Almost three decades after the start of market transformations, Ukraine is still the country with ca. 3.7 thousand state-owned enterprises. In the next sections we will briefly describe the stages of privatisation and to what extent the above mentioned objectives were met during each stage.

Privatisation stages and their outcomes

As a post-Soviet country, Ukraine has the legacy of a command-and-control economy. It led to the absence of the private capital in the economy. In the early 1990s, the country was not ready to jump into the free market economy.

The international experience and evidence from Ukraine have demonstrated that the method of privatisation is crucial. Ukraine started from preferred share allocation mechanism in 1993, through voucher privatisation at the end of 90’s, and ended up with direct privatisation to institutional investors, looking forward to launching the IPO of the state railway in 2020s.

Source: State property fund of Ukraine, state budgets

1. 1992-94: ill-designed start with no foreign investors

The first Ukrainian privatisation law was adopted in March 1992. Until 1994, the privatisation was often based on the preferred share allocation mechanism, when the employees (effectively, the incumbent management) were buying out the company on preferential terms. 

The goal was to transfer the ownership to private hands: (1) fast (while lacking domestic capital market) and (2) with the public support (not “selling out the national wealth” to foreigners).

As a result, strategic investors rarely became owners of high-quality assets, while the shares of most citizens lingered in trust funds. Such privatisation had cemented the position of so-called “red directors”, providing politically connected individuals access to the state assets. Out of nearly 12,000 companies privatised in 1992-94, some 80% were privatised in this manner, providing no room for foreign institutional investors.

At the end of the period, it was the parliament that slowed down the process of ownership change. It meant two things:

  1. The parliament shifted the focus to the fiscal role of privatisation, rather than other objectives. Contradictory to a clearly defined norm in the privatisation law, it adopted the Law on the Budget of Ukraine for 1993, according to which 50% of privatisation proceeds were to be directed to budget. 
  2. The parliament had to vote for the lists of privatisation objects (so-called Privatisation programmes) each year. However, in July 1994 it imposed an 8 months long moratorium on the compilation of a list of enterprises forbidden for privatisation. In March 1995 the list was finally approved. It included 6,102 enterprises, among them many that were attractive to investors (shipbuilding, maritime transport, oil refining, fuel and energy complex, etc.). Many were, however, subject to political interests of the line ministries.

The combination of the above has led to the foundation of the oligarchy in Ukraine.

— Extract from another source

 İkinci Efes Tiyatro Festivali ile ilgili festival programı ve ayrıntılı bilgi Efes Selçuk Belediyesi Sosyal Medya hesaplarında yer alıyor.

2. 1995-98: Voucher privatisation by the State Property Fund

The voucher privatisation mechanism came from the legislature amendment in 1994. 

That year, two changes took place. First, mass privatisation through vouchers (privatisation certificates) was launched by a presidential decree. Second, the law was changed to shift the policymaking powers to the State Property Fund. In 1995-1998, nearly 50,000 objects were privatized, including more than 11,000 medium and large enterprises.

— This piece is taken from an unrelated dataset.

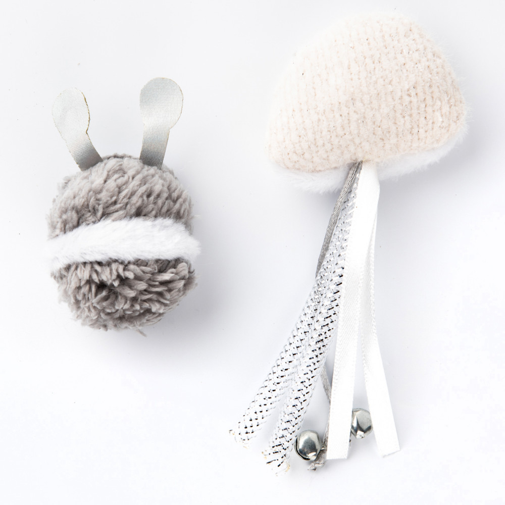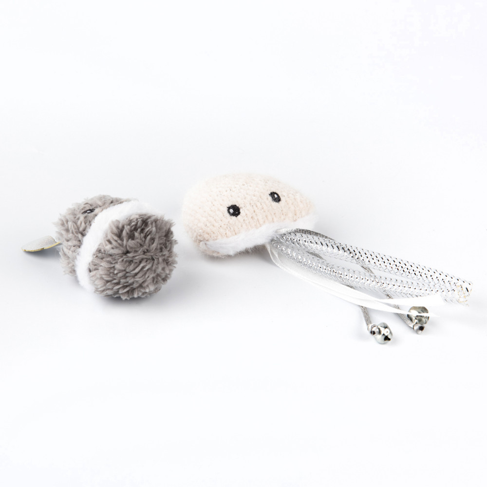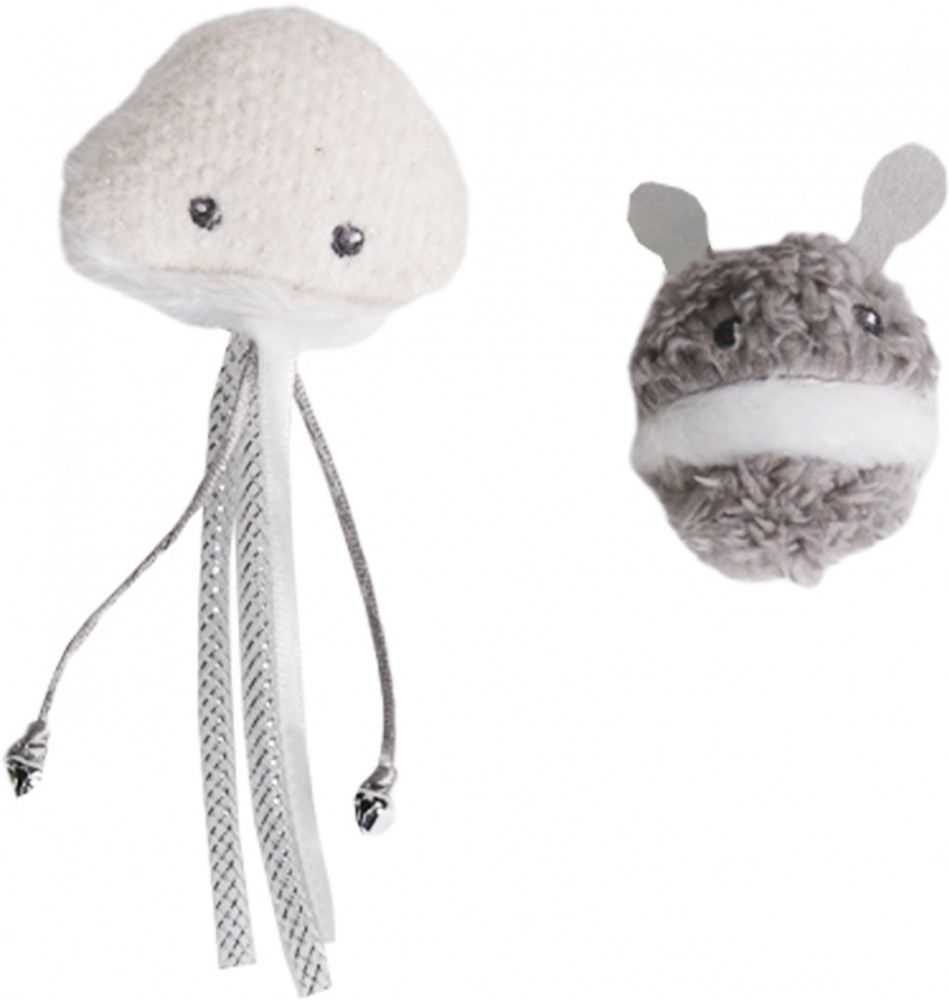 Увлекательный сет игрушек для кошек, состоящий из 2 частей: текстильного осьминога и мягкой игрушки-инопланетянина с лентами и бубенчиками. Интересные цвета, заманчивые звуки шуршания, аромат кошачьей мяты и перышки не оставят ни одну кошку равнодушной. |

Due to the emergence of Ukrainian financial system and introducing the national currency in 1996, selling blocks of shares for money started developing (instead of privatisation certificates). An increasing share of stocks began to enter the stock market. The largest demand was for energy companies (54% of total cash flow), mechanical engineering and metalworking enterprises, enterprises in chemical, petrochemical and food industries.

However, the actual change of ownership (transfer of more than 70% of ownership into private hands) only took place in a third of these companies and the state remained a very significant owner in the rest of the entities nationwide.

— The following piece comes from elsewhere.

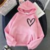Damska bluza z kapturem w stylu koreańskim, pluszowa, z nadrukiem w kształcie serca, luźna, swobodna, parowa bluza z kapturem, jesień i zima, nowość

3. 1998-2017: selective privatisation by cronies: showcasing “the good, the bad and the ugly” examples

In the beginning of the 2000’s, private sector finally began to play a significant role in the economy. As of 2002, it’s share reached 57.7% in manufacturing, slightly more than 50% in textile and sewing, food industry, processing of agricultural products.

Propelled mostly by the vested interests of the selected few, the parliament shortened the list of enterprises that were not subject to privatisation significantly. In 1994, it consisted of 6,102 enterprises, while in the beginning of 2000, there were only 1,307.

Starting in the 2000’s, crony capitalism has been strengthening in Ukraine. The major fossils and energy objects were transferred to the hands of selected few using the special laws adopted by the parliament. For example, the method of selling 10 enterprises of the state JSC Ukrrudprom was determined by a separate law. The law provided for the right to purchase shares of enterprises belonging to Ukrrudprom to shareholders owning at least 25%+1 share.

Thus, the largest oligarchs (Akhmetov’s SCM and Novinsky’s Smart Group and Kolomoisky’s Privat Group) bought Ukrrudprom enterprises

Furthermore, privatisation gradually began to turn into a source of funds to cover budget deficit rather than investments. Since 1997 (except for the short period of 2006-2007), the state budget envisioned higher privatisation inflows as a source of revenues.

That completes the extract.